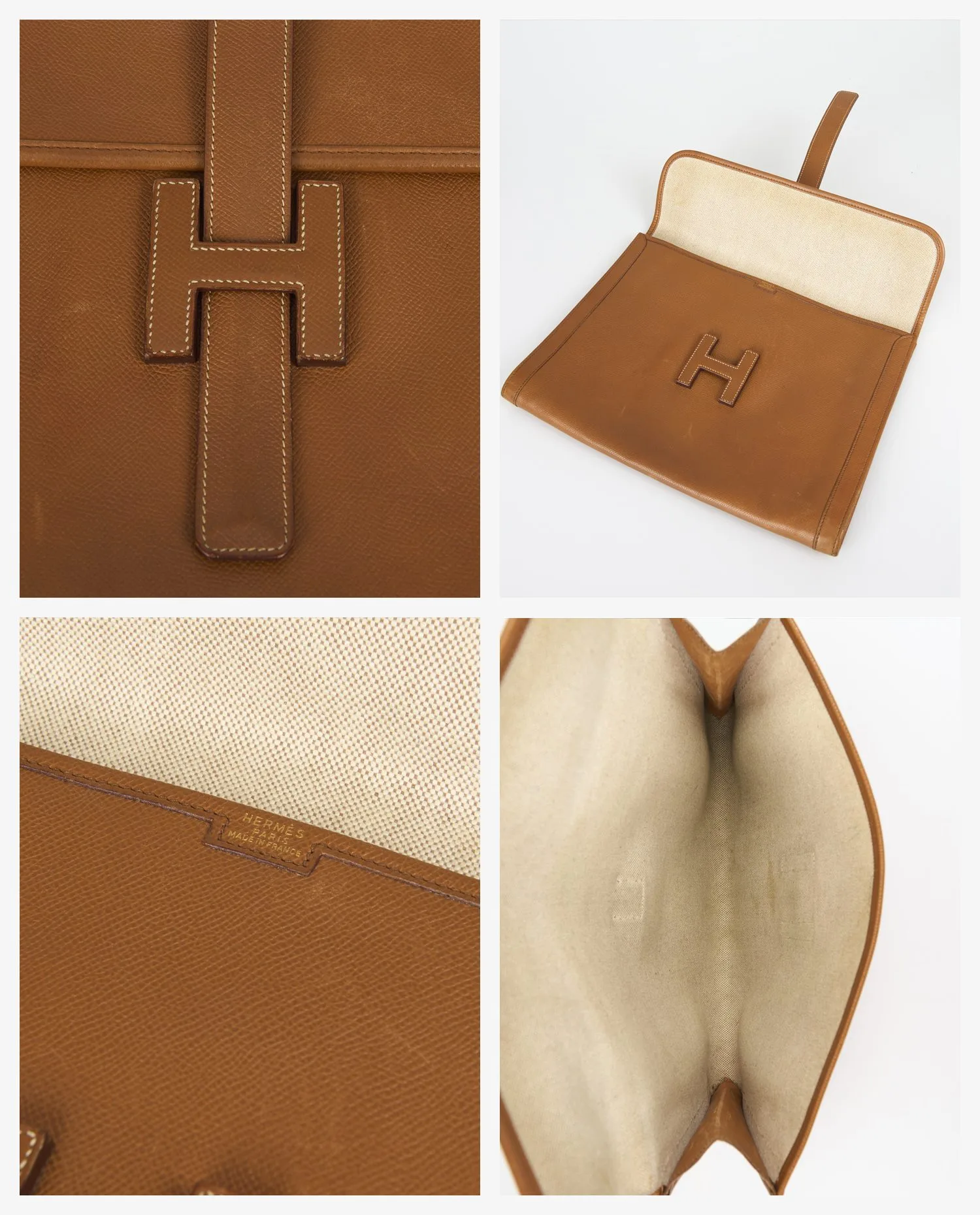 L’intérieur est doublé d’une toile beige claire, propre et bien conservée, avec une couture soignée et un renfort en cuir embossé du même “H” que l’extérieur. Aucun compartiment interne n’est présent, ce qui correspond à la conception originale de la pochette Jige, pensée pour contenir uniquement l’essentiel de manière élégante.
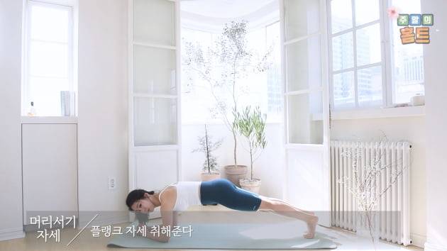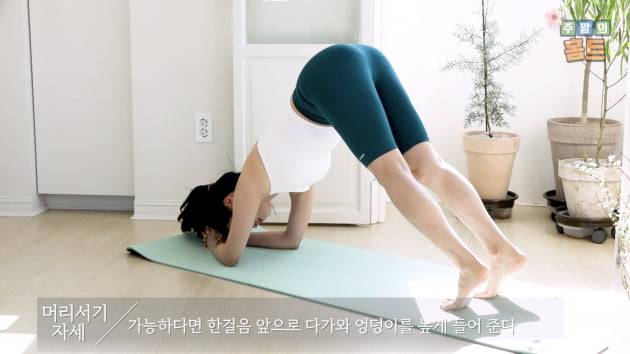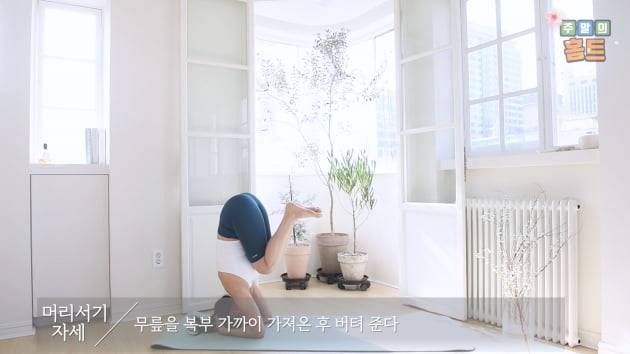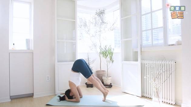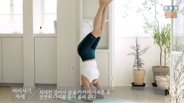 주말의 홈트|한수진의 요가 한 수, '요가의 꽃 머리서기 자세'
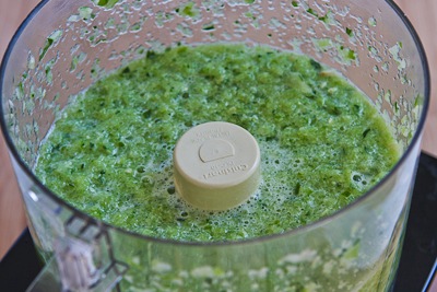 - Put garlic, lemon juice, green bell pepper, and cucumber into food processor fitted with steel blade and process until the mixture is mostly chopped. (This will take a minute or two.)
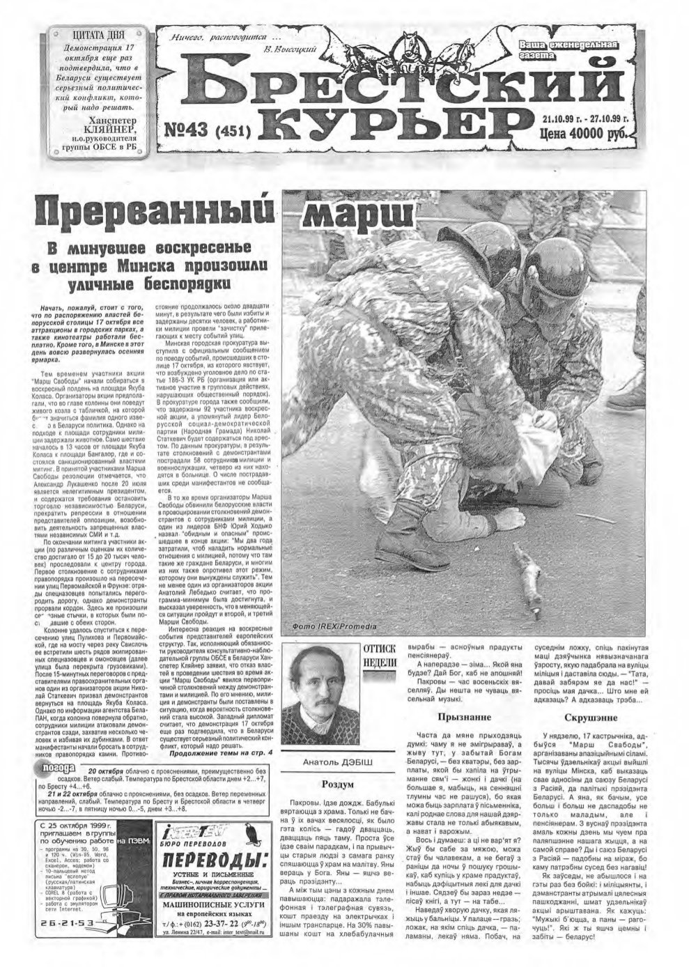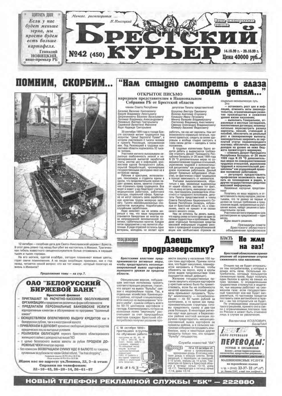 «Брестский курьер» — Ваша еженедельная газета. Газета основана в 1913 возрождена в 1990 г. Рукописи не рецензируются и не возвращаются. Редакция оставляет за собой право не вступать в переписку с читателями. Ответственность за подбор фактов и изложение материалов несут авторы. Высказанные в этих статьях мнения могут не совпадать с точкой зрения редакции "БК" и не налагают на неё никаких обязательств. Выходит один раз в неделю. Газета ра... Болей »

> _ACTION ITEM_
In the material above, retype exactly the lines that run from the one containing "- Put garlic, lemon" through the last line, and keep out the pictures.

> _WRITTEN RESPONSE_
 - Put garlic, lemon juice, green bell pepper, and cucumber into food processor fitted with steel blade and process until the mixture is mostly chopped. (This will take a minute or two.)
 «Брестский курьер» — Ваша еженедельная газета. Газета основана в 1913 возрождена в 1990 г. Рукописи не рецензируются и не возвращаются. Редакция оставляет за собой право не вступать в переписку с читателями. Ответственность за подбор фактов и изложение материалов несут авторы. Высказанные в этих статьях мнения могут не совпадать с точкой зрения редакции "БК" и не налагают на неё никаких обязательств. Выходит один раз в неделю. Газета ра... Болей »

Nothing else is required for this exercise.